People have been known to bring strange things to work, though few are encouraged to do this by their supervisors.
But coworkers of Agricultural Research Service chemist Ching T. Hou always find him appreciative when they bring in some soil or water from their neighborhoods.
This bit of random sampling for bacteria paid off recently when Erika Hertenstein, a technician working with Hou, brought in some water from a pond on her family's hog farm near Morton, Illinois.
The water contained a bacterial strain known as Pseudomonas aeruginosa.
Using this bacterium, Hou developed a process to convert oleic acid found in soybean, corn, sunflower, and safflower oils to a compound called 7,10-dihydroxy-8-(E)-octadecenoic acid.
"Because of its molecular structure, this acid is an excellent starting material for creating different chemical compounds," he says.
The process Hou developed offers a better way to convert vegetable oils to compounds that can be used in plasticizers, lubricants, and paints or in the preparation of new antibiotics.
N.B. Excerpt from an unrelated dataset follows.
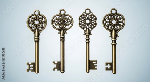 Ornate antique-style keys against a plain background.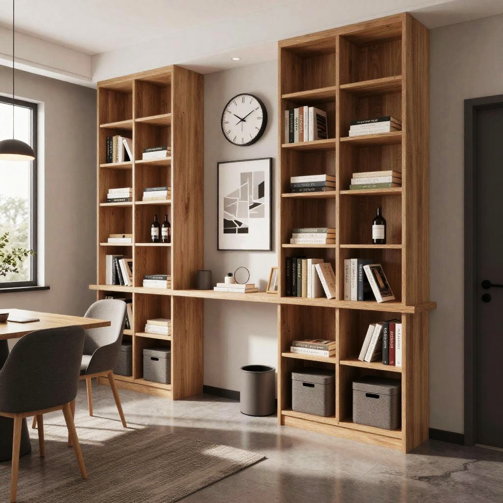((masterpiece))), best quality, ultra-detailed, 8k, wallpaper, extremely delicate and beautiful, highresolution, ray tracing, best shadow, (realistic, photorealistic:1.37), professional lighting, photon mapping, radiosity, physically-based rendering, Nayuta Nordic Modern Interior Design, scenery, no humans, chair, shelf, book, clock, poster (object), table, door, indoors, bookshelf, box, trash can

ARS and Hou applied for a patent on the oleic acid conversion process in 1996. Genencor International, a biotechnology company in San Francisco, California, is interested in the organism and the process for making the new compound.
Scientists at ARS' National Center for Agricultural Utilization Research at Peoria, Illinois, search for new uses for crops and their processing by-products. -- By Linda Cooke, ARS.